Copy the data exactly, pictures aside.

─── Provided records

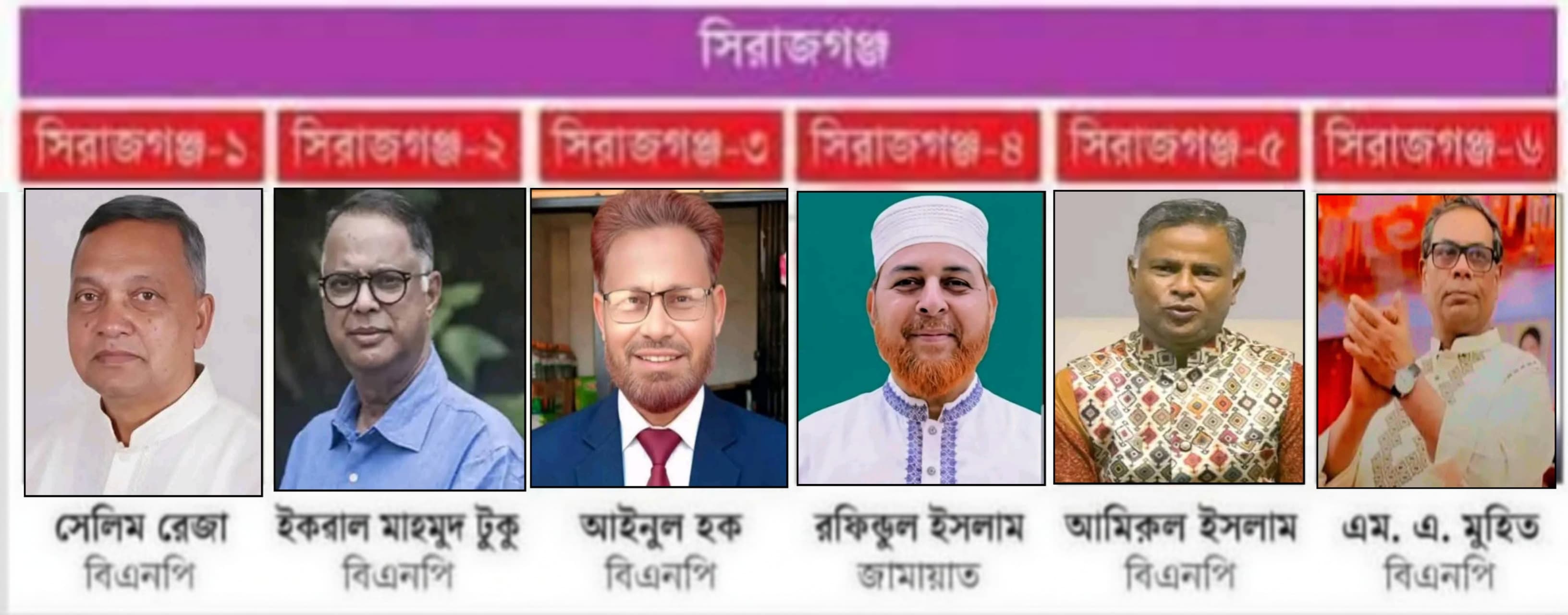অবশেষে সকল জল্পনা কল্পনার অবসান ঘটিয়ে সিরাজগঞ্জে ছয়টি আসনের মধ্যে পাচঁটিতে বিএনপির ও একটিতে জামায়াত জয়
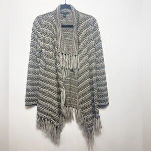 INC International Concepts Brown Tweed Fringe Open Cardigan Size Large
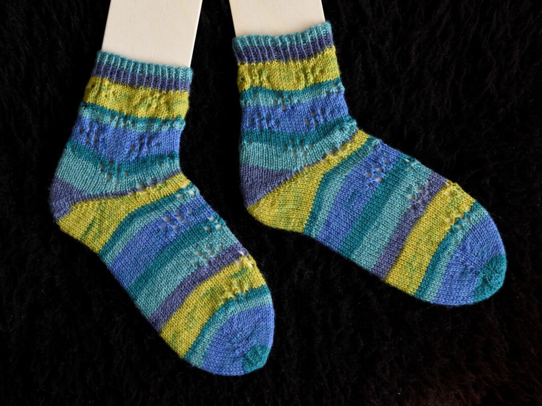 Erinnerung an den Sommer - Sonnenlicht glitzert im Meer, bunte Fische tummeln sich im Wasser, Algen schwingen hin und her.....diese Socken in leuchtenden Wasserfarben mit einem an Luftblasen erinnernden Lochmuster retten Deine Urlaubsbilder in den Herbst!
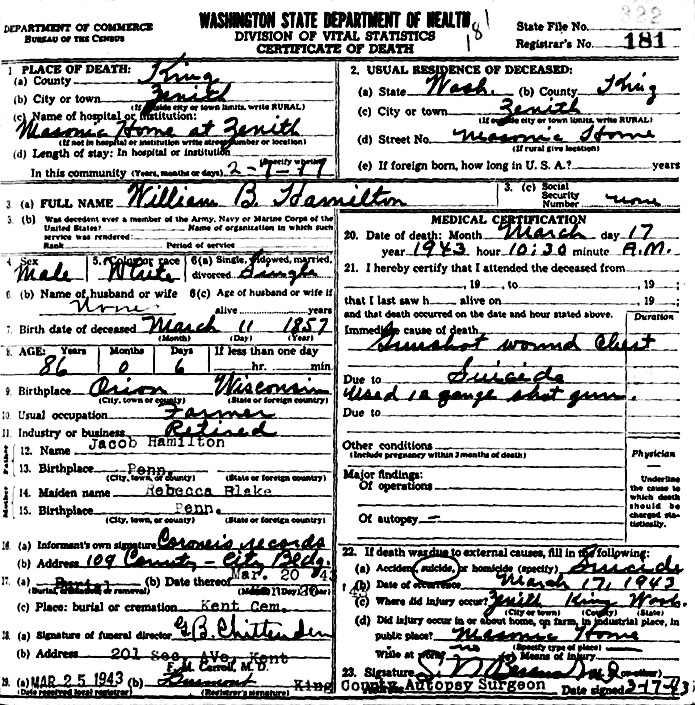 William Byrdine Hamilton died Wednesday, March 17, 1943, at the Masonic Home, Zenith, King Co., WA, at age 86. He committed suicide. Buried in Hillcrest Burial Park, Kent, King Co., WA.
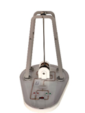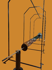 Магнит закреплен на подвесе, посетитель отклоняет маятник, что приводит к колебательеым движениям вокруг горизонтальной оси, закрепленной на опорах.
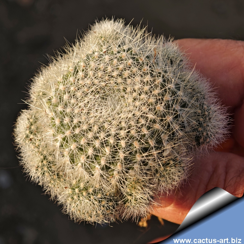 Fusti avvolti da spine bianche , setolose e traslucide. La pianta produce impressionanti fiori carminio di grandi dimensioni, che emergono verso l'esterno dai lati inferiori del fusto, creando un bellissimo contrasto.
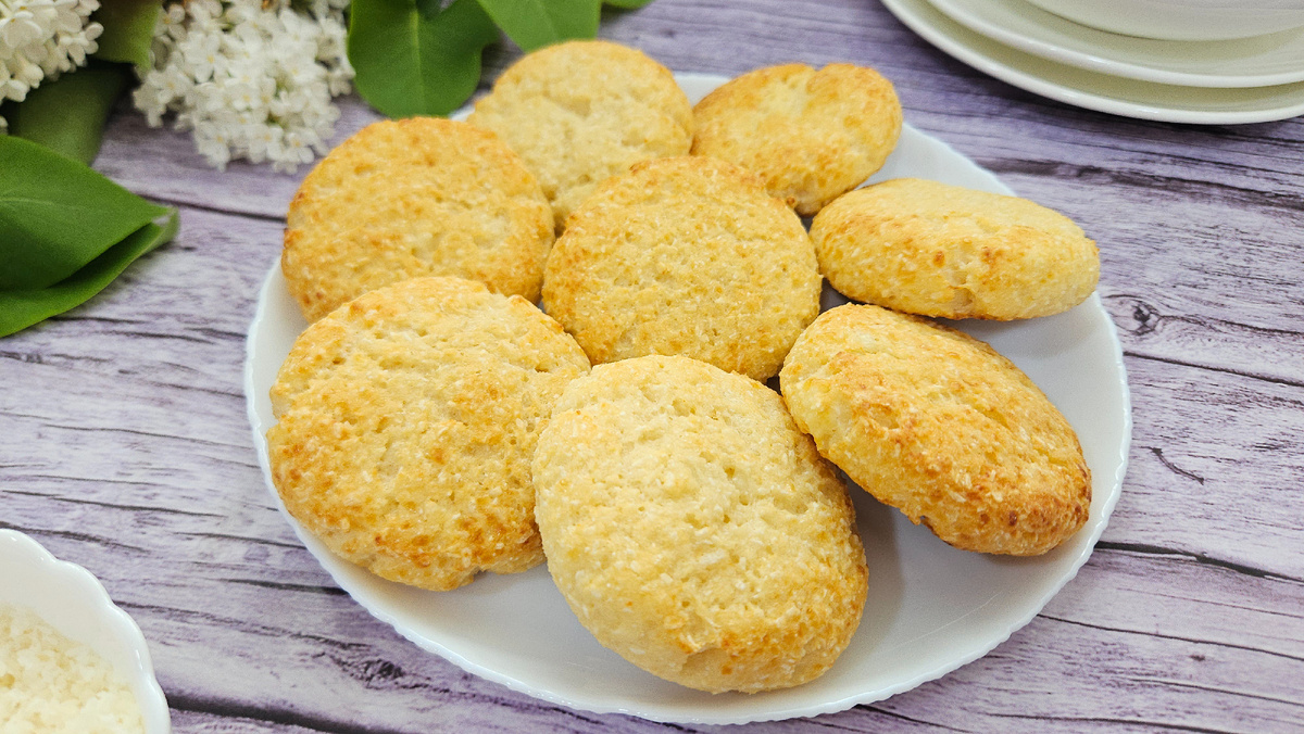 Мягкое, ароматное и очень вкусное печенье с кокосовой стружкой и творогом к чаю. Выход: 8 штук Вес: 250 гр КБЖУ на 100 гр: 257,86/18,01/10,34/22,45 КБЖУ в 1 шт: 80/5,58/3,21/6,96 Подсластитель - 1 грамм моего подсластителя пребиосвит фитнес = 10 гр сахара В миску поместить творог, яйцо и подсластитель. Тщательно растереть вилочкой, если творог крупинками, то лучше пробить погружным блендером. Добавить кокосовую стружку, разрыхлитель и постепенно всыпать муку. Муки может потребоваться больше или меньше, зависит от влажности творога. Замесить тесто. Оно должно получиться мягким, пластичным, слегка липнущим к рукам. Разделить тесто на 8 равных частей. Скатать шарики. Противень застелить пергаментом с силиконовым покрытием. Выложить шарики теста. Слегка приплюснуть руками. Выпекать в заранее разогретой до 160 гр духовке (у меня электрическая) в режиме верх-низ примерно 25 минут до румяности. Дать печенью остыть.

──────

Exercise answer ▸
অবশেষে সকল জল্পনা কল্পনার অবসান ঘটিয়ে সিরাজগঞ্জে ছয়টি আসনের মধ্যে পাচঁটিতে বিএনপির ও একটিতে জামায়াত জয়
 INC International Concepts Brown Tweed Fringe Open Cardigan Size Large
 Erinnerung an den Sommer - Sonnenlicht glitzert im Meer, bunte Fische tummeln sich im Wasser, Algen schwingen hin und her.....diese Socken in leuchtenden Wasserfarben mit einem an Luftblasen erinnernden Lochmuster retten Deine Urlaubsbilder in den Herbst!
 William Byrdine Hamilton died Wednesday, March 17, 1943, at the Masonic Home, Zenith, King Co., WA, at age 86. He committed suicide. Buried in Hillcrest Burial Park, Kent, King Co., WA.
 Магнит закреплен на подвесе, посетитель отклоняет маятник, что приводит к колебательеым движениям вокруг горизонтальной оси, закрепленной на опорах.
 Fusti avvolti da spine bianche , setolose e traslucide. La pianta produce impressionanti fiori carminio di grandi dimensioni, che emergono verso l'esterno dai lati inferiori del fusto, creando un bellissimo contrasto.
 Мягкое, ароматное и очень вкусное печенье с кокосовой стружкой и творогом к чаю. Выход: 8 штук Вес: 250 гр КБЖУ на 100 гр: 257,86/18,01/10,34/22,45 КБЖУ в 1 шт: 80/5,58/3,21/6,96 Подсластитель - 1 грамм моего подсластителя пребиосвит фитнес = 10 гр сахара В миску поместить творог, яйцо и подсластитель. Тщательно растереть вилочкой, если творог крупинками, то лучше пробить погружным блендером. Добавить кокосовую стружку, разрыхлитель и постепенно всыпать муку. Муки может потребоваться больше или меньше, зависит от влажности творога. Замесить тесто. Оно должно получиться мягким, пластичным, слегка липнущим к рукам. Разделить тесто на 8 равных частей. Скатать шарики. Противень застелить пергаментом с силиконовым покрытием. Выложить шарики теста. Слегка приплюснуть руками. Выпекать в заранее разогретой до 160 гр духовке (у меня электрическая) в режиме верх-низ примерно 25 минут до румяности. Дать печенью остыть.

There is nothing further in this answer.